Automatic Reasoning and Tool-use (ART), Explained for Engineers, Folarin Akinloye

ART is a 2023 idea that looks a lot like the agents everyone builds now. It let a frozen language model write its own step-by-step reasoning, stop when it needed a calculator or a search, run the tool, paste the result back, and keep going. No fine-tuning, no hand-scripted tool orchestration per task. If that sounds like a modern tool-calling agent, that is the point.

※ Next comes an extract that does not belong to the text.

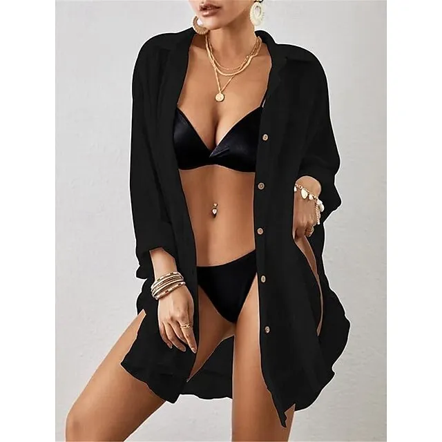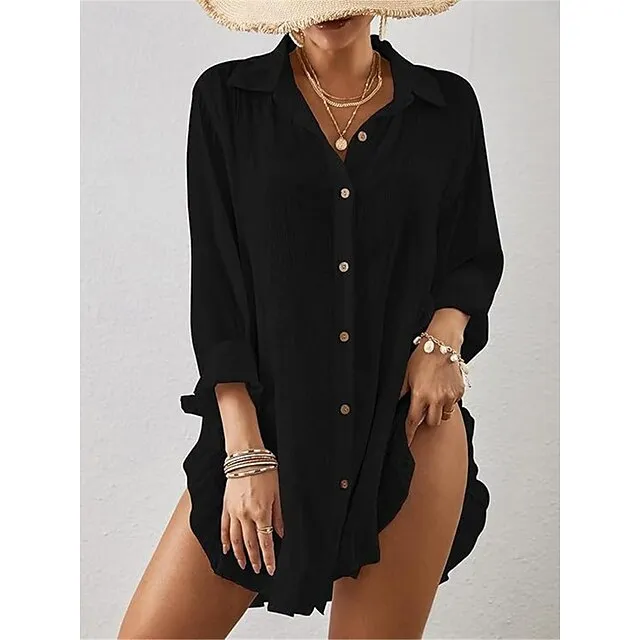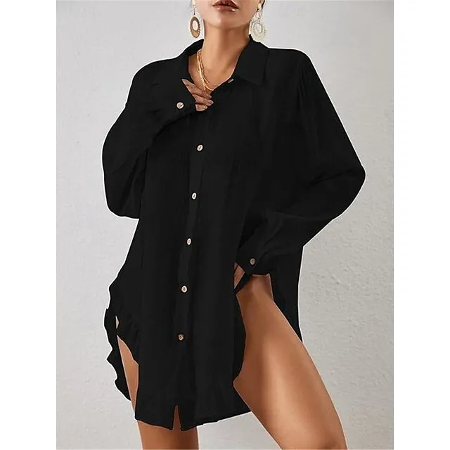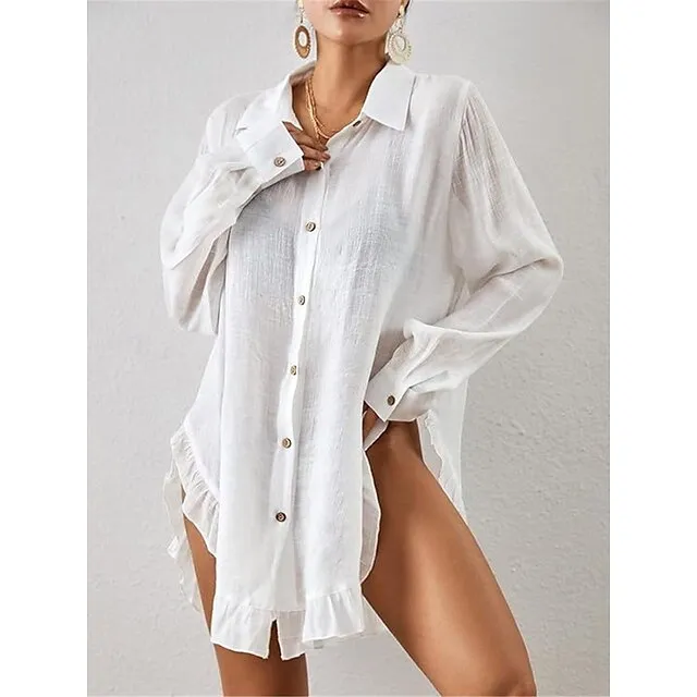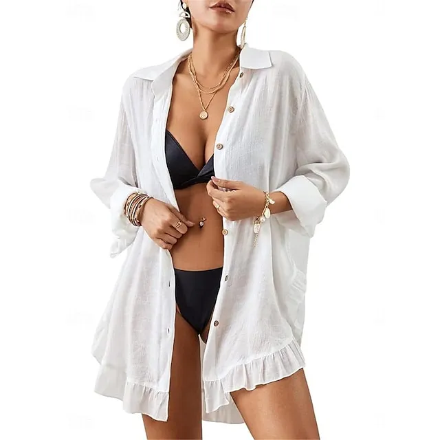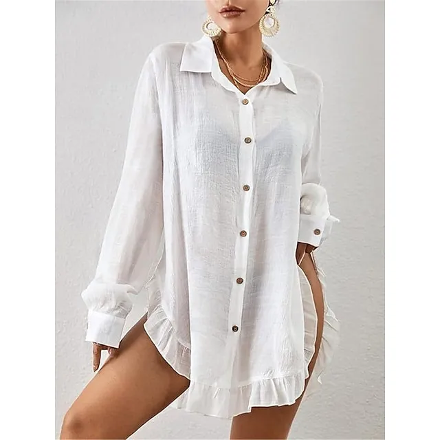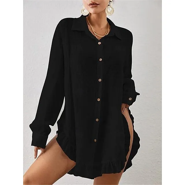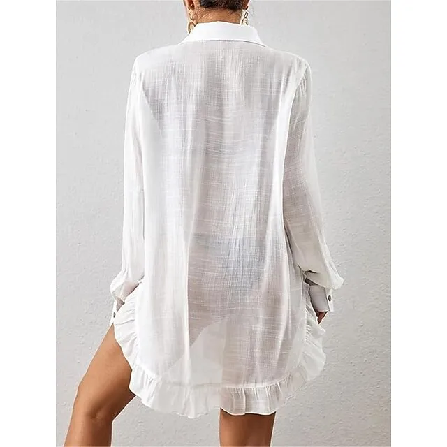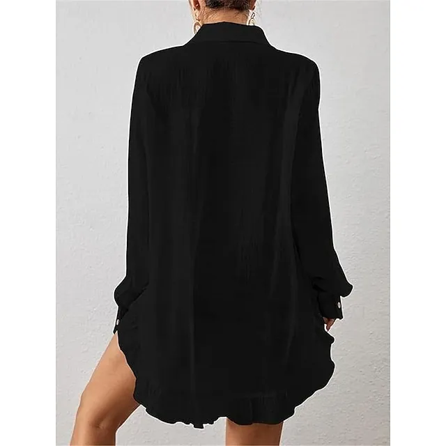 Women’s White Dress Casual Dress Summer Dress Mini Dress Ruffle Button Holiday Vacation Beach Basic Shirt Collar Long Sleeve Loose Fit Black White Color S M L XL 2XL Size

This is a standalone deep-dive in my prompting-techniques thread. It pairs well with ReAct and with structured outputs and function calling, which are the mechanisms that made this idea practical at scale.

The problem ART was solving#

By early 2023, two tricks were clearly powerful when combined: chain-of-thought (get the model to reason in steps) and tool use (let it call a calculator, a search API, code execution). The trouble was that stitching them together was manual labor. For each new task you had to hand-write reasoned examples and carefully script exactly when the model should stop and call a tool.

That does not scale. Every new task is a new pile of bespoke prompt engineering. Paranjape et al. (2023) proposed Automatic Reasoning and Tool-use, or ART, to automate the whole thing with a frozen LLM. Frozen matters: no gradient updates, no training run. It is all done through prompting and orchestration.

How ART works#

The framework has two libraries and a runtime loop.

A task library holds examples of multi-step reasoning and tool use, written as little programs.
A tool library holds the tools the model is allowed to call.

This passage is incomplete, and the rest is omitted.